Source data Block Start
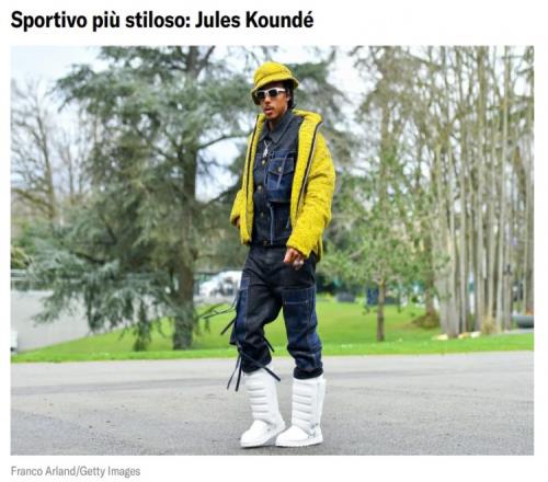 评语:在巴塞罗那,他们按照Nba的路线,孔德继续以其令人眼前一亮的装扮风靡一时,并赢得了“最佳球员着装奖”。这证明足球运动员在时尚界大放异彩,成为时尚偶像和灵感源泉。在细高跟鞋、运动风造型、另类的Bloke Core装束和大胆的奢华之间,孔德给人们都树立了更高的标杆。
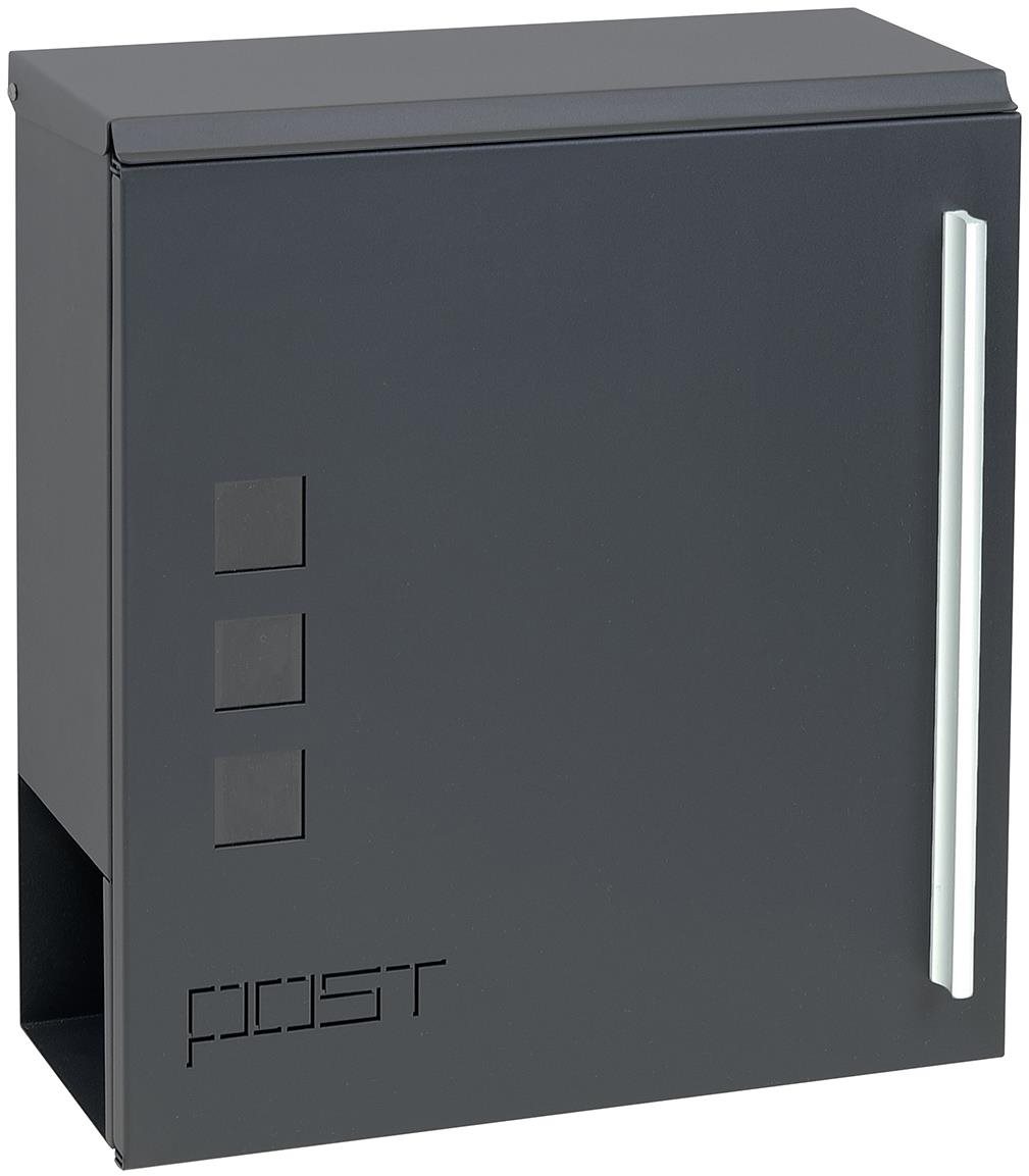 Poštová schránka – vyhotovenie vnútorné a vonkajšie, nástenná, oceľová, s držiakom na noviny, montážnou súpravou v balení, uzamykateľnými dvierkami, rozmery 34,5 × 31 × 11,5 cm (V׊×H), antracitová farba Štýlová poštová schránka na listy Richter…
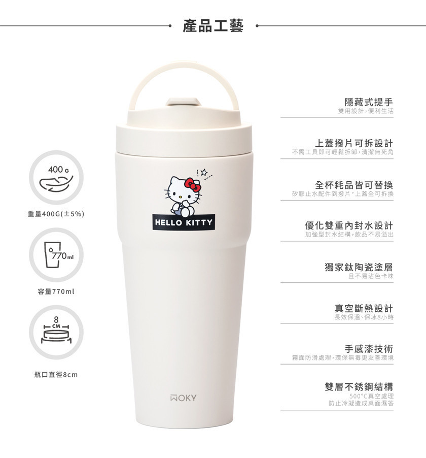 品牌品名:WOKY X SANRIO 渾圓杯鈦陶瓷770ml
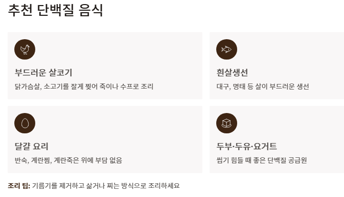 - 두부·두유·요거트: 씹기 힘들 때 좋은 단백질 공급원
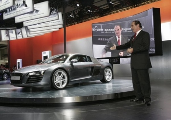 The dragon reigns supreme The dragon is the ever-present theme of Audi's display at the Beijing Motor Show in China. The Audi stand in Hall 8 is dominated by 48 light panels, each four by two metres in size, symbolising a dragon. The panels are arranged to give the impression of a dragon elegantly winding its way around and over the vehicles on show. At the dragon's head stands an Audi A6L 4.2 FSI quattro, followed by the new Audi R8 sports car, the TT Coupé and a Horch 850 Pullman Cabrio Bauer from 1936, representing the tradition of the Audi brand.
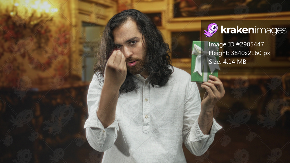 Young man holding green gift box and pinched fingers gesture in ornate museum building; offering gift curiosity.
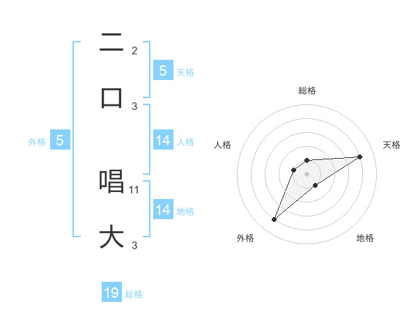 二口 唱大さんの外格は5画の4点!
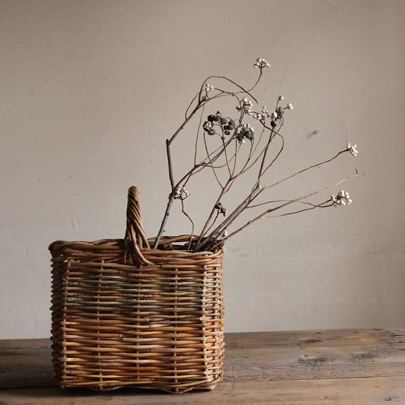 バスケットや低めのフラワーベースに枝を生かして飾るとまるで洋書にでてくるようなナチュラルでボタニカルなインテリアに。
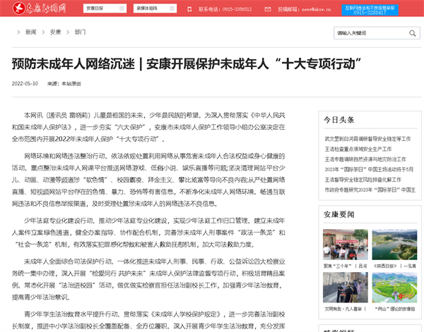 關(guān)注民生熱點,彰顯為民情懷。積極做好民生政策類宣傳報道,圍繞教育、醫(yī)療、就業(yè)、食品安全、養(yǎng)老等民生熱點,注重反映少數(shù)民族、婦女、兒童、老年人、殘疾人等意見呼聲,刊發(fā)了《預(yù)防未成年人網(wǎng)絡(luò)沉迷 | 安康開展保護未成年人“十大專項行動”》《民族團結(jié)之花常開長盛》《寧陜:為癱瘓老人上門辦證 譜寫警民暖心故事》等報道。
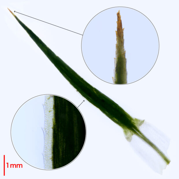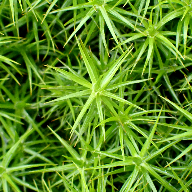 角ばっているのはスギゴケ属の特徴。 コスギゴケやセイタカスギゴケなどを含むニワスギゴケ属は丸みがある。
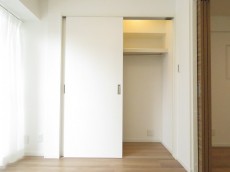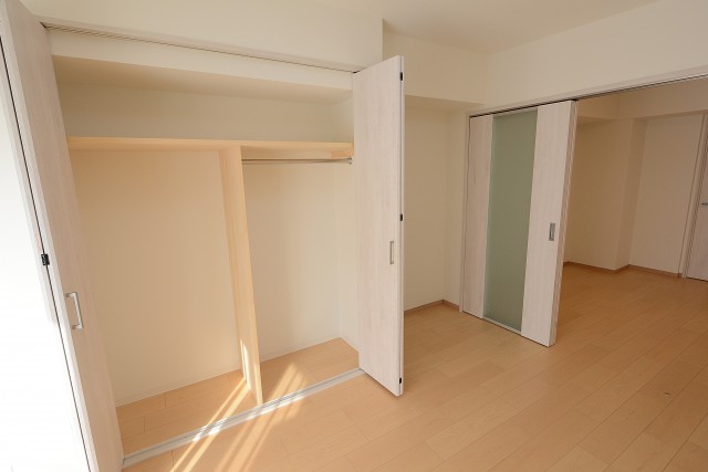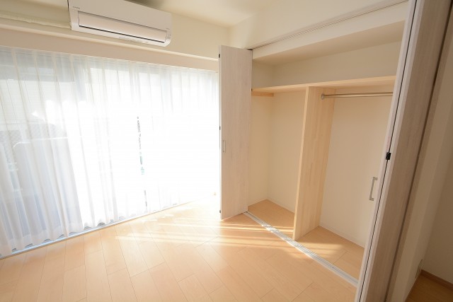 東向きバルコニーに面し、白いクロスに明るい色のフローリングと建具に合わせた内装に窓からの光が入ってとても明るい印象のお部屋です。クローゼット付き。
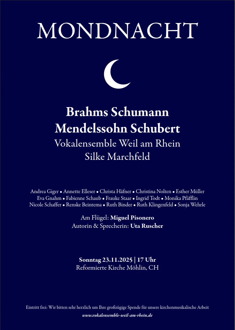 Eintritt frei. Wir bitten sehr herzlich um eine angemessene Spende für unsere musikalische Arbeit.
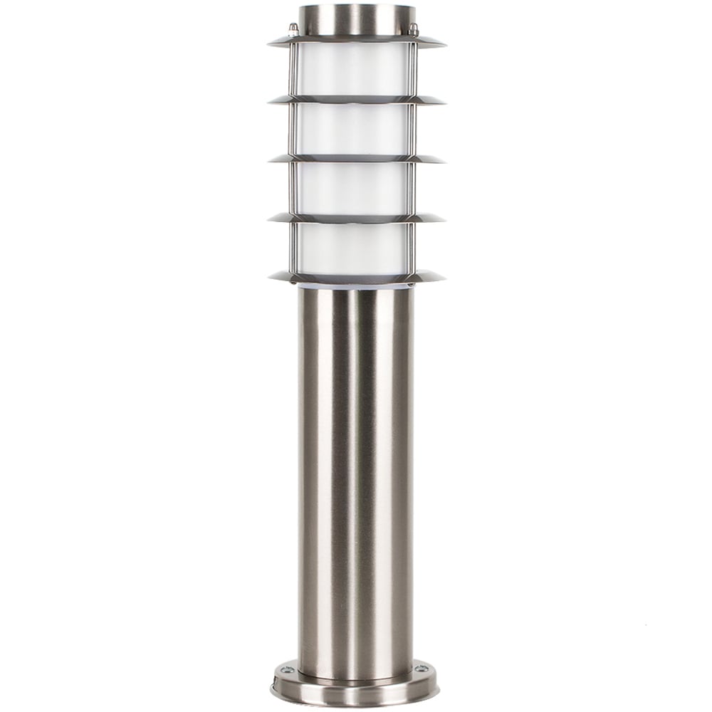Add a touch of modern elegance to your garden with the Wharf Set of four silver warm white bollard lights. Crafted from stainless steel with frosted white shades, these stylish outdoor lights are perfect for illuminating pathways, borders, or other features. Their contemporary design and high-quality, weatherproof (IP44 rated) construction provide both security and ambiance. Ready to install, each light includes a 4W warm white LED bulb.
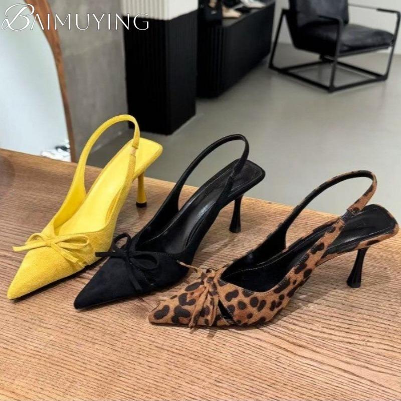 Fashion Leopard Sexy Pointed Toe High Heels Shoes Women Sandals Bow Slippers Slingback 2025 Summer Trend Dress Woman Brand Sandalias
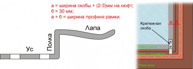 La fixation avec des profilés en Z est décrite ci-dessus et représentée en pos. 1b Fig. A l'extérieur, aux étages supérieurs, cela peut se faire, mais avec un risque mortel, ou avec un relais fiable avec une ceinture d'électricien avec une drisse. Mais un fort vent latéral peut faire bouger le filet, le faire tourner et le casser. La fixation avec des agrafes, pos. 2. Cadre moustiquaire sur supports externes et enfichables diffèrent non seulement par la taille du cadre en maille, mais également par la hauteur de l'étagère des supports de fixation. Dans les désignations des profils typiques, il est indiqué, en mm, par les 2 derniers chiffres; pour fenêtres en plastique typiques - acc. 13 et 7 mm. Par conséquent, avant de commander le treillis, vous devez mesurer la hauteur du rebord de la pente de la fenêtre - du coup, ce n'est pas typique. Ensuite, vous devez informer les artisans de choisir le profil souhaité, sinon le treillis pendra ou ne rentrera pas du tout.
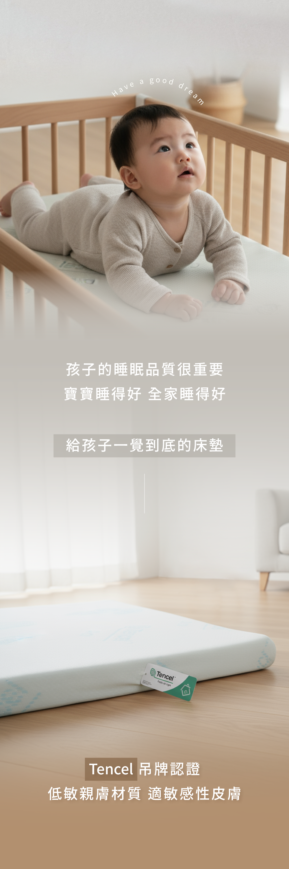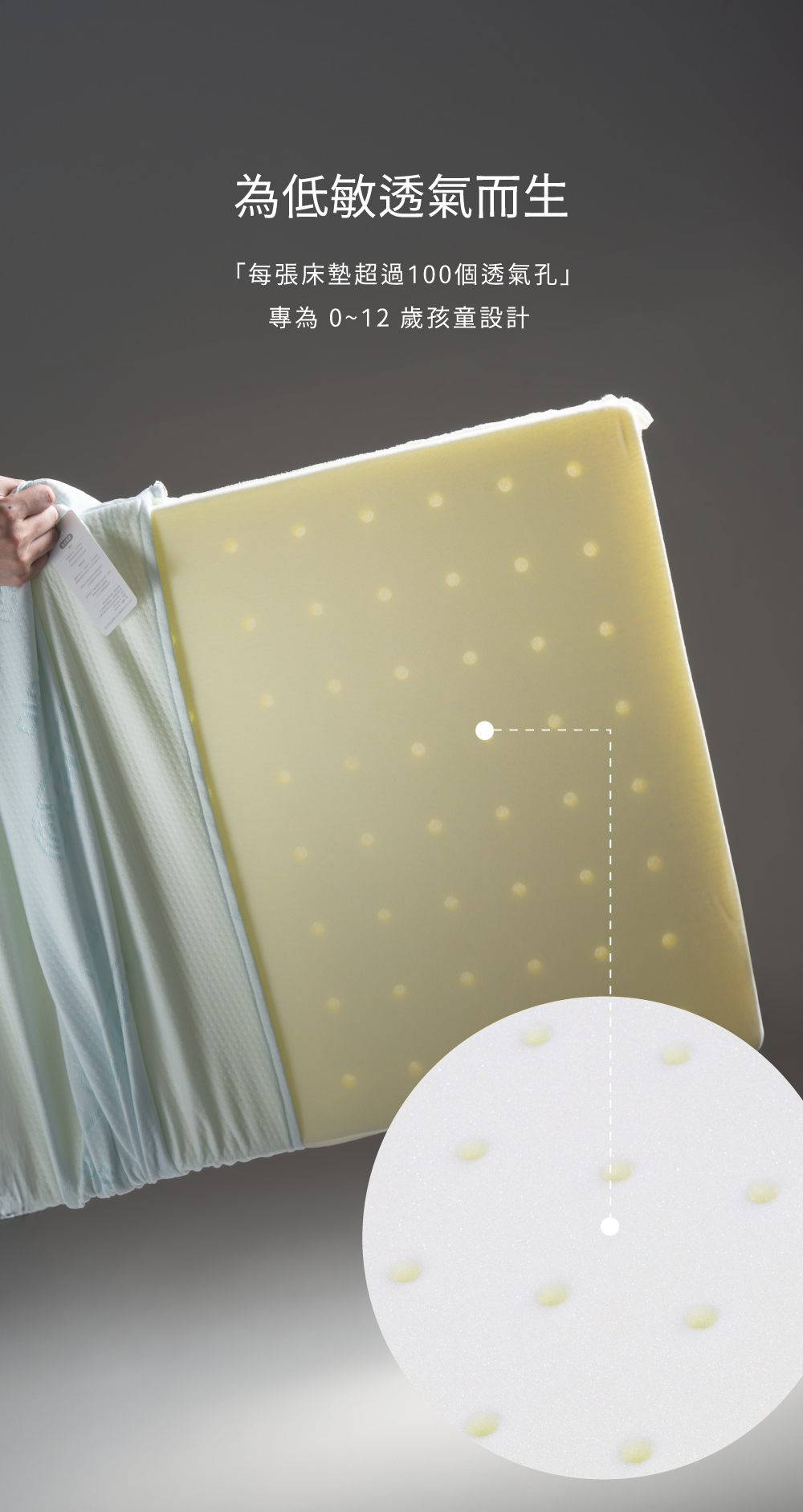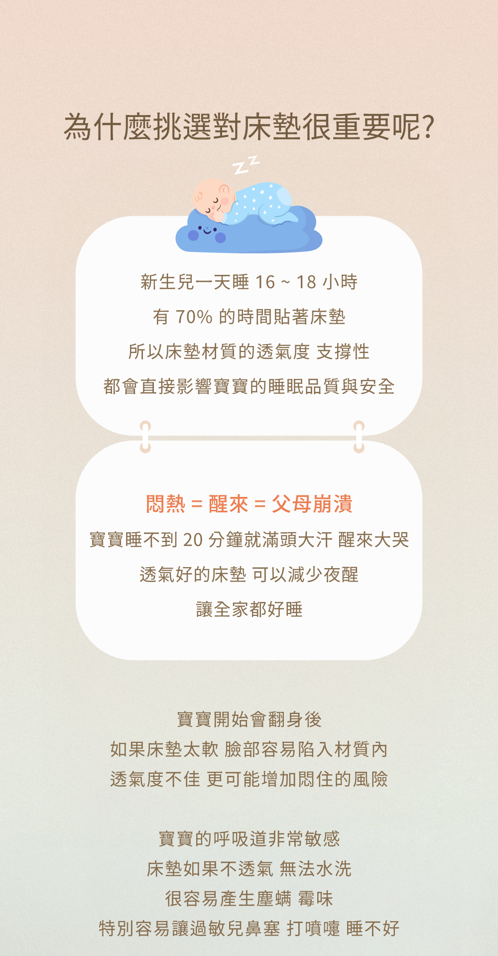 嬰幼兒床墊最重要的是 透氣性, 床套建議選擇親膚材質(原棉、天絲), 有助於降低肌膚摩擦造成的紅癢不適。
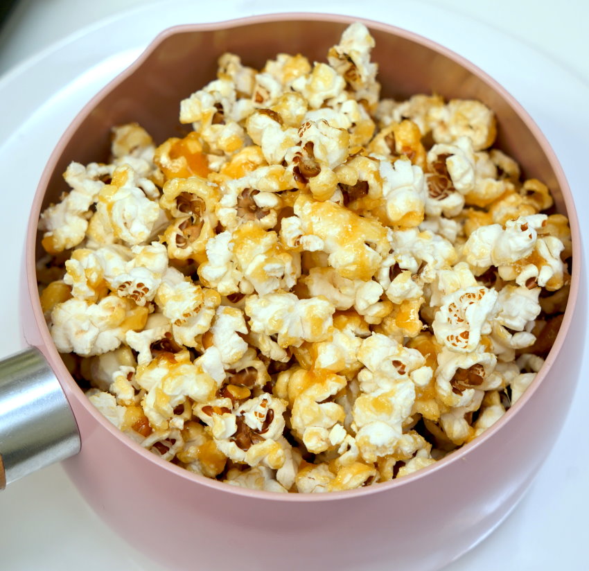 電影院常見的焦糖爆米花在家也能輕鬆做!這次大口要分享的焦糖爆米花做法有兩種,一種是使用平底鍋,一種是使用氣炸鍋(或氣炸烤箱),平底鍋比較快速,氣炸烤箱是方便又不用顧火,也不用擔心爆米花會噴濺出來,兩種做法都不難~~煮糖漿也很簡單,如果喜歡焦糖口味的朋友,只要加入無鹽奶油、砂糖下去熬煮,喜歡黑糖口味的朋友再額外加入黑糖一起煮,再將爆米花放進去糖漿裡頭攪拌均勻,鋪平放涼後就完成啦~~包準大小朋友搶著吃,在家防疫也能吃到電影院的爆米花囉!
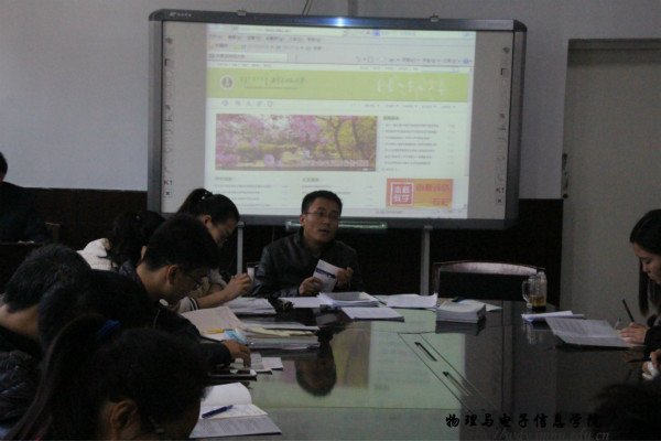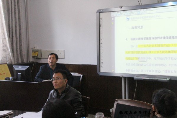 本网讯 2015年11月20日上午,为了配合学校迎接本科教学审核评估工作,我院于物电楼会议室为全体学生会成员及学生干部召开会议。我院党总支副书记何小龙老师,团总支书记萨其尔老师和实践创新部主任曹永军教授出席本次会议。会议中何老师明确指出了迎评的大体方向,简述了迎评的主要内容。同时曹老师为同学们讲解了有关教学评估的知识,在一相关些细节方面做了明确指导。这次评估对我院而言是一次全新的检验,也是一次展示风采的机会,所以需要同学们从本质上认识到评估的重要性,并且以身作则,起到学生干部的带头作用,为物电为师大贡献一份绵薄之力。
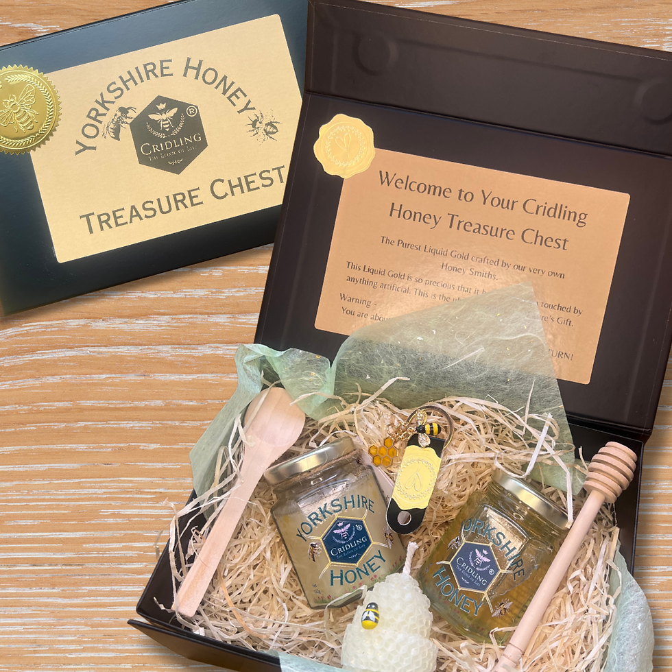 Inside this treasure chest you will find: 1x112g Cridling Yorkshire Runny Honey, 1x112g Cridling Yorkshire Soft Set Honey, 1 Beeswax Candle, 1 wooden honey drizzled, 1 wooden honey spoon and a keyring all presented on a bed of wood wool.
Source data Block End
* **Exercise prompt**
Up in the listing, locate the line with "Poštová schránka –"; print it and every line after it down to the line with "東向きバルコニーに面し、白い", which is included too. Skip the pictures.

* **Problem solution**
 Poštová schránka – vyhotovenie vnútorné a vonkajšie, nástenná, oceľová, s držiakom na noviny, montážnou súpravou v balení, uzamykateľnými dvierkami, rozmery 34,5 × 31 × 11,5 cm (V׊×H), antracitová farba Štýlová poštová schránka na listy Richter…
 品牌品名:WOKY X SANRIO 渾圓杯鈦陶瓷770ml
 - 두부·두유·요거트: 씹기 힘들 때 좋은 단백질 공급원
 The dragon reigns supreme The dragon is the ever-present theme of Audi's display at the Beijing Motor Show in China. The Audi stand in Hall 8 is dominated by 48 light panels, each four by two metres in size, symbolising a dragon. The panels are arranged to give the impression of a dragon elegantly winding its way around and over the vehicles on show. At the dragon's head stands an Audi A6L 4.2 FSI quattro, followed by the new Audi R8 sports car, the TT Coupé and a Horch 850 Pullman Cabrio Bauer from 1936, representing the tradition of the Audi brand.
 Young man holding green gift box and pinched fingers gesture in ornate museum building; offering gift curiosity.
 二口 唱大さんの外格は5画の4点!
 バスケットや低めのフラワーベースに枝を生かして飾るとまるで洋書にでてくるようなナチュラルでボタニカルなインテリアに。
 關(guān)注民生熱點,彰顯為民情懷。積極做好民生政策類宣傳報道,圍繞教育、醫(yī)療、就業(yè)、食品安全、養(yǎng)老等民生熱點,注重反映少數(shù)民族、婦女、兒童、老年人、殘疾人等意見呼聲,刊發(fā)了《預(yù)防未成年人網(wǎng)絡(luò)沉迷 | 安康開展保護未成年人“十大專項行動”》《民族團結(jié)之花常開長盛》《寧陜:為癱瘓老人上門辦證 譜寫警民暖心故事》等報道。
 角ばっているのはスギゴケ属の特徴。 コスギゴケやセイタカスギゴケなどを含むニワスギゴケ属は丸みがある。
 東向きバルコニーに面し、白いクロスに明るい色のフローリングと建具に合わせた内装に窓からの光が入ってとても明るい印象のお部屋です。クローゼット付き。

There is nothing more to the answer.